Search code examples
markdownpandoccjkxelatex

pandoc does not recognize Chinese characters


I want to compile, with pandoc, a Markdown document containing CJK elements (Chinese, actually). It was stated there that --latex-engine=xelatex option allows pandoc to compile Unicode characters.

However, I tried
cjk.md:

Hello
你好

compiled with (in bash)

pandoc -s -o cjk.pdf --latex-engine=xelatex cjk.md

But the resulting .pdf has only Hello shown, while 你好 was missing. Have I missed something? pandoc is updated; I'm using Macbook Air (bought 2012), updated to Sierra. I have properly installed xelatex (in MacTex I suppose), since when I used texstudio to compile xelatex, there was no problem.


Solution

  • Solved.
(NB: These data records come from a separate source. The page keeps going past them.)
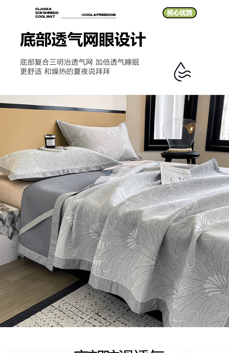 商品名称:倾慕 2024新款提花凉感凉席 床席款清风雅韵-灰
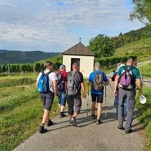 Die Wanderung am Samstag führte die Männergruppe von Krems über Unterloiben, Oberloiben nach Dürnstein. Natürlich hat die traditionelle Messe, welche in der Kirche von Unterloiben gefeiert wurde, nicht gefehlt. Anschließend besuchten wir unseren Freund Hubert, der uns auf ein paar Gläschen Wein einlud.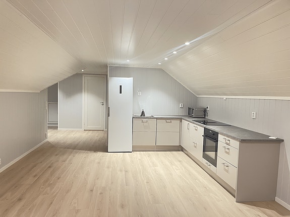 Nyrenovert leilighet i øverste etasje av en enebolig til leie i attraktive Halden, Brødløs. Leiligheten ble totalrenovert forrige måned og fremstår som svært moderne og innbydende. Alt er nytt – både det flotte badet og det stilrene kjøkkenet, samt tre romslige soverom.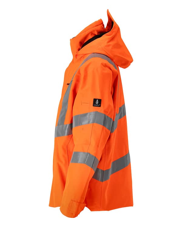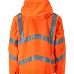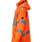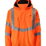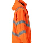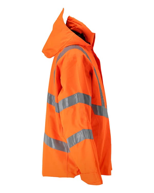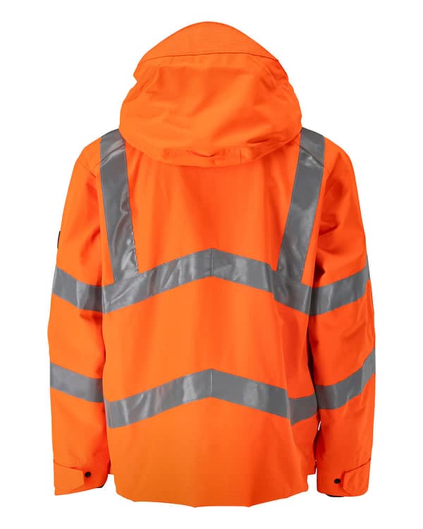 Fluorescerande med lodräta och sneda tvärgående reflexer. Andasfunktion, vind- och vattentät. Sömmarna är tejpade. Fodrad i nätmaterial. Huvan är löstagbar, fodrad och har justerbart elastiskt snöre så att den kan passa utanpå en hjälm. Reglerbar metalltråd i båda sidorna av huvan. Nät med ventilation under ärmarna – öppnas med blixtlås. Hög krage. Innerkrage av resår. Vattentät pennficka på ärmen. Stängning med blixtlås och vindskydd med tryckknappar. Innerfickor med blixtlås under vindflik – den ena är särskilt utformad för telefoner, med hål till kabel och headset och öglor för att hålla kabeln på plats. Ficka med blixtlås under vindflik med plats för en 7-tums surfplatta. Extra tyg nederst på ryggen kan vikas ned med knappar och ge extra längd baktill och därmed extra skydd mot väder och vind. Bröstficka med blixtlås. D-ring. Ergonomiskt utformade ärmar ger god rörelsefrihet. Ribbvirkat vid handleden sluter åt bra och håller ute kylan. Manschetter med CORDURA®-förstärkning och knappknäppning. Framfickor med blixtlås.

Tl;dr: it's not enough to set compiler to be xelatex instead of pdflatex; one has to include package xeCJK as well, but for where it should be, see below.


    Edit: the below can also be achieved by setting these pandoc template variables:

    ---
    CJKmainfont: STSong
    CJKoptions:
      - BoldFont=STHeiti
      - ItalicFont=STKaiti
    ---
    
    Hello 你好
    

    In my case, pandoc reads a .md, converts it to be a .tex, and call compiler to compile that to be a .pdf. Thus, in theory, what I can do normally with a tex-like compiler, can be done with pandoc as well --- it is only that I have to specify required template.

    The pandoc calls its own latex template, which we can cat in the terminal by a prewritten command:

    pandoc -D latex > default.latex
    

    This essentially copies a new file default.latex to . (current directory). It is this I now modify. Append this option to pandoc when compiling:

    --template=my-directory/my-template.latex
    

    In the past I type Chinese characters (or more generally, CJK), I use a template beginning with

    \documentclass[12pt]{article}
    \usepackage{xeCJK}% use Latin font whenever possible
    \usepackage{fontspec}% set Chinese fonts, as follows
    \setCJKmainfont[BoldFont=STHeiti,ItalicFont=STKaiti]{STSong}
    \setCJKsansfont[BoldFont=STHeiti]{STXihei}
    \setCJKmonofont{STFangsong}
    % .... whatever xeCJK commands you use
    

    The fonts should be those your system permits; these shown above are shipped with mac.

    But when I simply pasted this into the pandoc-provied template, there were many cryptic error messages

    option clash for package XXXX....
    

    This was because the pandoc-proviede template already defined xeCJK. Indeed, search these lines:

    $if(CJKmainfont)$
        \usepackage{xeCJK}
        \setCJKmainfont[$for(CJKoptions)$$CJKoptions$$sep$,$endfor$]{$CJKmainfont$}
    $endif$
    

    These lines (quoted part) should be replaced by

    \usepackage{xeCJK}
    \setCJKmainfont[BoldFont=STHeiti,ItalicFont=STKaiti]{STSong}
    % .... and so on, whatever you call from xeCJK
    

    i.e., delete if, so that xeCJK is always executed; otherwise, xeCJK line will not be copied to the intermediate .tex file. And also delete \usepackage{fontspec}, because it is called by pandoc by default, otherwise error message occurs for packages are called twice in the intermediate .tex file.


    acknowledgement: [1] [2] [3]

    Sorry I didn't keep track of every websites from which I referenced, but none gets it all right anyway, or are outdated. Of most help is mb21, who suggested in the comment that I output .tex to debug, after which I found xeCJK was not included.

    I have spent some 10+ hrs on this issue, but from now on I can happily type Chinese in a markdown file. I have wrote this down for poor posterity's sake.